Les effets de cette interdiction cessent à l’expiration d’une durée, fixée par l’autorité administrative, qui ne peut excéder trois ans à compter de l’exécution de l’obligation de quitter le territoire français. « . Aux termes de l’article L. 612-10 du même code : » Pour fixer la durée des interdictions de retour mentionnées aux articles L. 612-6 et L. 612-7, l’autorité administrative tient compte de la durée de présence de l’étranger sur le territoire français, de la nature et de l’ancienneté de ses liens avec la France, de la circonstance qu’il a déjà fait l’objet ou non d’une mesure d’éloignement et de la menace pour l’ordre public que représente sa présence sur le territoire français () ".

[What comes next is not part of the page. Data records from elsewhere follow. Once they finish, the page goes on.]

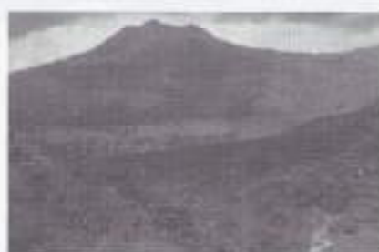
Langs de weg naar Garoet.

Er ontstaat een nieuw radio-net rondom Cheribon en de rels voert ons daarheen. Een andere rit leidt ons via Poerwakarta en Soebang naar Soemedang met langs de weg de Genie aan het werk. We hebben altijd haast dus contact is er spijtig genoeg niet. Te Soekaboemi koop ik een schitterende reliëf-kaart van Bandoeng en omgeving. Een museumstuk dat onbeschadigd uit de oorlog is gekomen. Ook de overste heeft interesse en na enige tijd verhuist de kaart naar zijn bureau.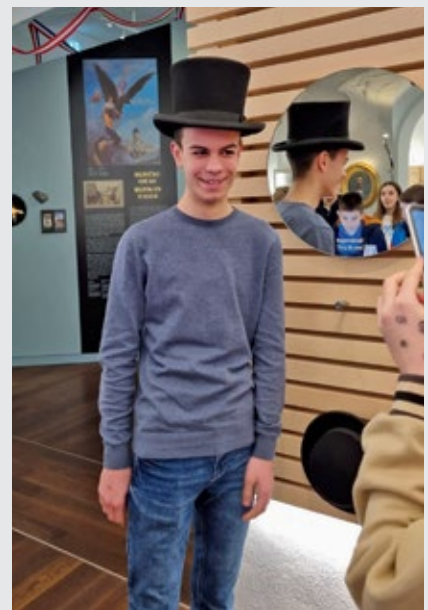
Posjet Art-kinu i Palači šećera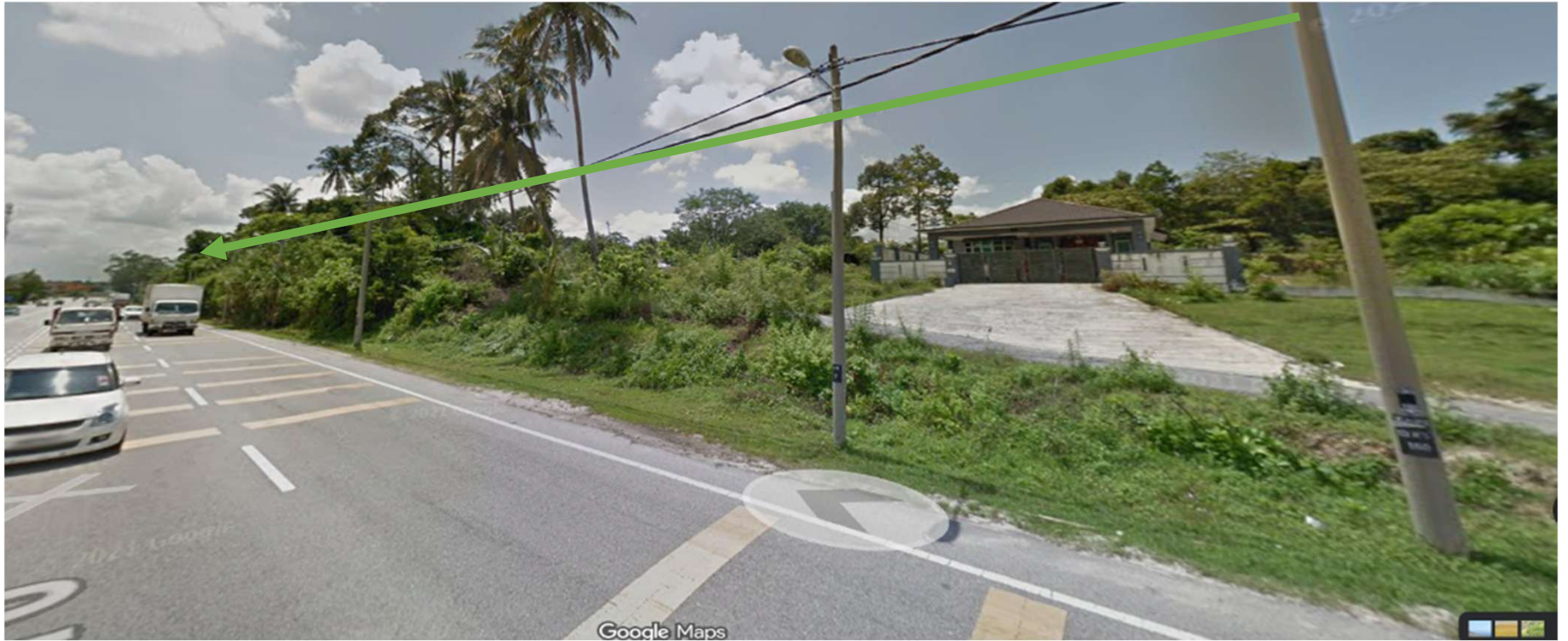
JALAN IPOH KAMPAR 70-KAEDAH TUMPANG TIANG SEHINGGA KE TIANG 13K5/170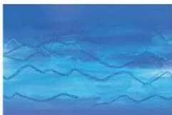
1. Vẽ màu nền tạo nước và sóng biển.

Quan sát và nêu cách tạo bức tranh với hình có sẵn theo gợi ý dưới đây.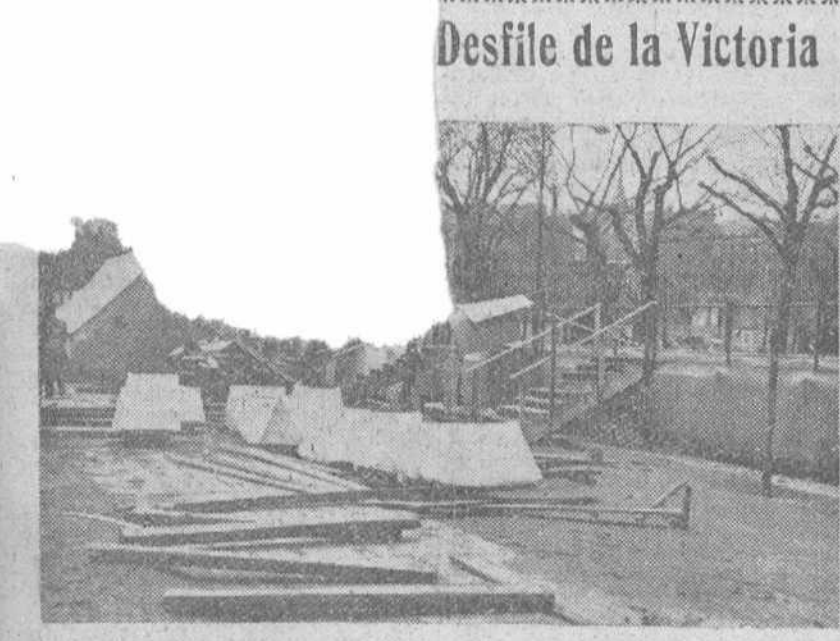
Desfile de la Victoria

Misiones de las Guardias Republicana y Fiscal portuguesas visitan a la Guardia Civil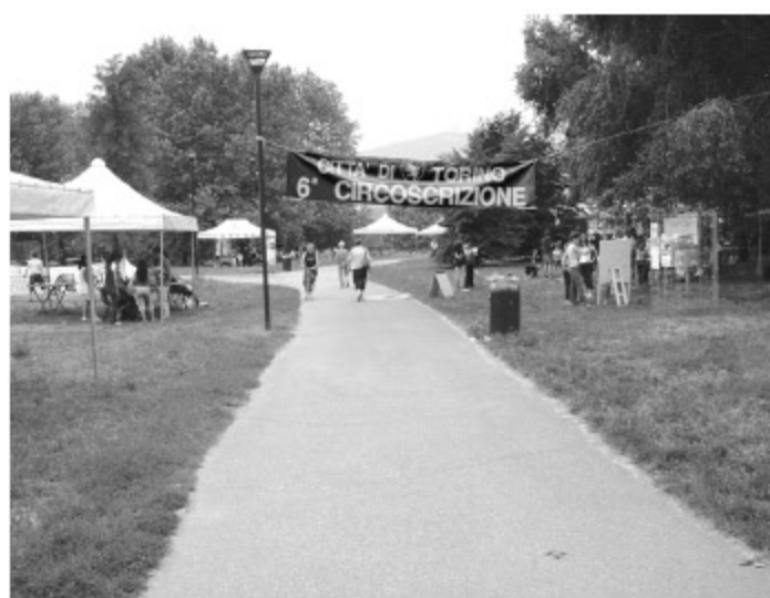
segue da pagina 1

posto), sono ora suddivisi in quattro parti e attendono altre forme di finanziamento. Il prossimo anno si dovrebbe avviare il secondo lotto pertinente alla sponda dal lato dell'Arrivore, mentre si rinvia, insieme all'esecuzione del primo lotto, il problema della comunità di immigrati che attualmente trova ricovero sull'altra riva del fiume, quella fronte Iveco in Lungo Stura Lazio (area appunto del primo lotto).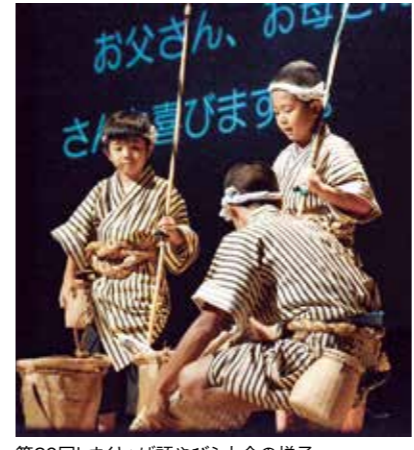
第20回しまくとぅば語やびら大会の様子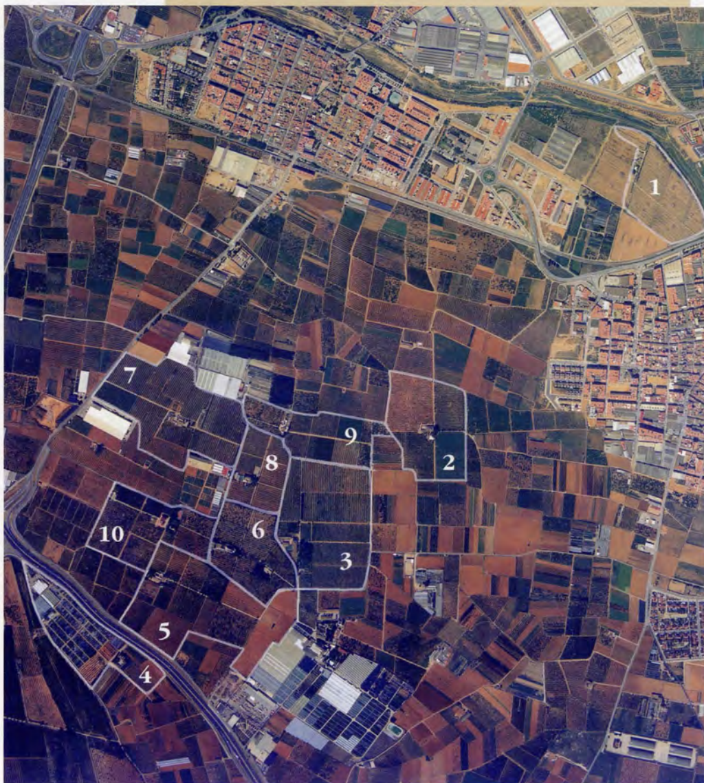
Localització dels horts amb la seua superfície original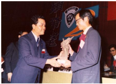
1974 榮獲中華民國十大傑出青年獎

1974年「版畫藝術」一書出版，成為學習版畫的經典。同年榮獲中華民國十大傑出青年獎及中山文藝獎(藝術創作類)，他仍持續於世界各地個展及聯展。子弟兵為慶賀老師得獎，成立台灣第一個版畫會「十青版畫」學會，希望能將版畫藝術有計畫的一代一代的傳承下去。

6. Il ressort des pièces du dossier que le requérant ne justifie pas de circonstances humanitaires non plus que de liens privés et familiaux en France d’une intensité, d’une ancienneté et d’une stabilité particulières. M. A, qui se maintient sur le territoire français de manière irrégulière depuis le 23 février 2023, est célibataire, sans charge de famille et ne justifie d’aucune démarche pour régulariser sa situation après son entrée irrégulière sur le territoire, ni d’aucune insertion sociale ou professionnelle. Dans ces conditions et en l’état des pièces versées à l’instance, la durée de l’interdiction fixée à un an n’apparaît ni excessive ni disproportionnée au regard de la situation de l’intéressé. Par suite, le moyen tiré de l’erreur d’appréciation doit être écarté.
7. Il résulte de tout ce qui précède que les conclusions aux fins d’annulation de l’arrêté du 26 novembre 2024 du préfet du Gard doivent être rejetées.
Sur les conclusions à fin d’injonction :
8. Le présent jugement, qui rejette les conclusions à fin d’annulation, n’appelle aucune mesure d’exécution. Les conclusions à fin d’injonction doivent donc être rejetées.
Sur les frais liés au litige :
9. Les dispositions de l’article L. 761-1 du code de justice administrative font obstacle à ce qu’une somme soit mise à ce titre à la charge de l’Etat, qui n’est pas la partie perdante dans la présente instance.
D E C I D E :
Article 1er : La requête de M. A est rejetée.
Article 2 : Le présent jugement sera notifié à M. B A et au préfet du Gard.
Délibéré après l’audience du 5 février 2025, à laquelle siégeaient :
Mme Chamot, présidente,
Mme Mazars, conseillère.
Mme Sarac-Deleigne, première conseillère.
Rendu public par mise à disposition au greffe le 27 février 2025.
La rapporteure,
M. MAZARS
La présidente,
C. CHAMOT
La greffière,
B. MAS-JAY
La République mande et ordonne au préfet du Gard en ce qui le concerne ou à tous huissiers de justice à ce requis en ce qui concerne les voies de droit commun, contre les parties privées, de pourvoir à l’exécution de la présente décision.